Unfortunately, there's still no sign of a full launch for Apple Music Classical, which there were hints of in iOS 16.3, but the new software still has some significant new treats. So, in rough order of importance, here are all the features coming to iOS 16.4 – after a quick update on its availability.
iOS 16.4 release date: when will it be available?
If you're an Apple developer you can install the iOS 16.4 beta right now, by going to Apple's Developer website on your iPhone and heading to 'Software Downloads'.
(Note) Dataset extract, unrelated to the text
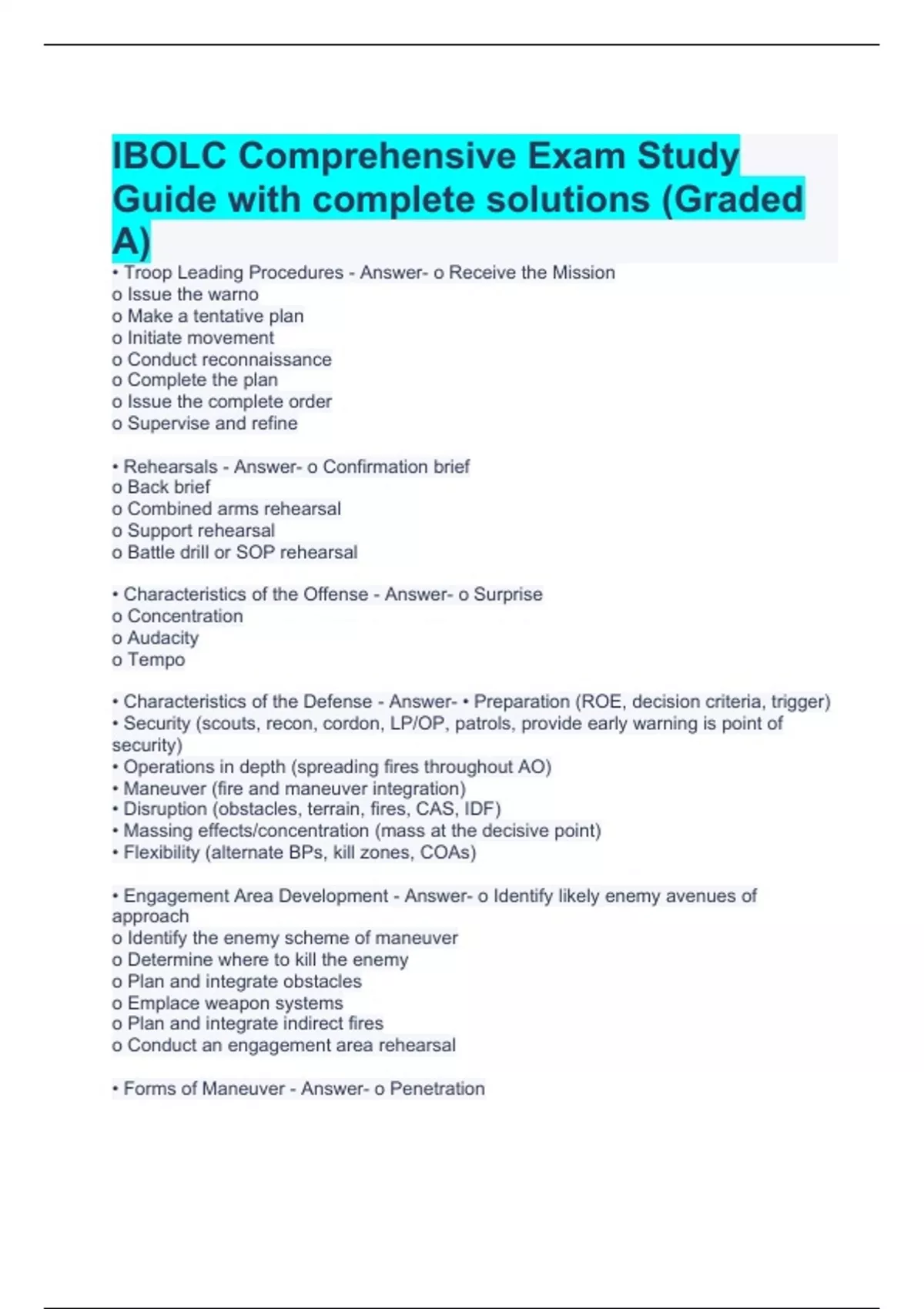• Troop Leading Procedures - Answer- o Receive the Mission o Issue the warno o Make a tentative plan o Initiate movement o Conduct reconnaissance o Complete the plan o Issue the complete order o Supervise and refine • Rehearsals - Answer- o Confirmation brief o Back brief o Combined arms rehearsal o Support rehearsal o Battle drill or SOP rehearsal • Characteristics of the Offense - Answer- o Surprise o Concentration o Audacity o Tempo • Characteristics of the Defense - Answer- • Preparation (ROE, decision criteria, trigger) • Security (scouts, recon, cordon, LP/OP, patrols, provide early warning is point of security) • Operations in depth (spreading fires throughout AO) • Maneuver (fire and maneuver integration) • Disruption (obstacles, terrain, fires, CAS, IDF) • Massing effects/concentration (mass at the decisive point) • Flexibility (alternate BPs, kill zones, COAs) • Engagement Area Development - Answer- o Identify likely enemy avenues of approach o Identify the enemy scheme of maneuver o Determine where to kill the enemy o Plan and integrate obstacles o Emplace weapon systems o Plan and integrate indirect fires o Conduct an engagement area rehearsal • Forms of Maneuver - Answer- o Penetration o Infiltration o Frontal o Flanking o Envelopment o Turning Characteristics of Fire - Answer- o Line of sight o Burst of fire o Trajectory o Maximum ordinate o Cone of fire o Beaten zone o Danger space o Surface danger zone (SDZ) Classifications of Automatic Weapons Fire with Respect to the Ground - Answer- o Dead space o Grazing fires o Plunging fires Classifications of Automatic Weapons Fire with Respect to the Target - Answer- o Enfilade fire o Frontal fire o Flanking fire o Oblique fire Classifications of Automatic Weapons Fire with Respect to the Machine Gun - Answer- o Fixed fire o Traversing fire o Searching fire o Traversing and searching fire o Swinging traverse fire o Free gun Distribution, concentration, and rate of fire - Answer- o Sustained o Rapid o Cyclic Range card - Answer- DA Form 5517-R Characteristics of the Stryker and its weapon systems - Answer- o Wheeled o .50 Cal M2, M240, MK19 Elements of a Multi-dimensional Urban Battlefield - Answer- o Airspace o Super-surface o Surface o Subsurface Urban Patterns - Answer- o Satellite areas o Networked o Linear o Segment Conditions of Urban Operations - Answer- o Surgical o Precision o High intensity Fundamentals of Urban Operations - Answer- o Perform Aggressive Information Operations o Maintain a Close Combat Capability o Avoid the Attrition Approach o Control the Essential o Minimize Collateral Damage o Separate Noncombatants from Combatants o Preserve Critical Infrastructure o Restore Essential Services o Understand the Human Dimension o Create a Collaborative Information Environment o Transition Control Breaching Fundamentals and Organization - Answer- o Suppress o Obscure o Secure o Reduce o Assault

This isn't recommended for casual users, though, as beta can bring bugs and performance issues. For most of us, Apple says the full release of iOS 16.4 will be released "later this Spring" (in other words, sometime between March and June).
5 new features coming to your iPhone in iOS 16.4
1. Push notifications from web apps
If you like to keep up with the latest news from your favorite web apps – which live in your browser, rather than the homescreen – then iOS 16.4 could be a handy update for you.
You can already add web app shortcuts to your homescreen (when on the website, just tap the arrow button in the top right, then choose 'Add to Home Screen'). But unlike native apps, these shortcuts haven't been able to send your push notifications – this will change in iOS 16.4.
If you choose to allow notifications, they'll appear just like the ones for apps you've installed, including on your lock screen, in notification center and on a paired Apple Watch, if you have one. Interestingly, you'll also be able to add web apps to your homescreen from third-party browsers (rather than just Safari).
It's a feature that could get overwhelming if you grant too many permissions, but you'll be able to manage them in them in the Notifications settings menu.
2. A ton of new emojis
You can never have too many emojis to choose from – and fortunately iOS 16.4 is adding 21 new options to our messaging arsenals.
Fittingly for our troubled times, we're getting a shaking face emoji, which looks handy for expressing shock or confusion at troubling news. Fans of animal emojis are also well catered for in iOS 16.4, with a donkey, moose, goose and jellyfish all joining the fray.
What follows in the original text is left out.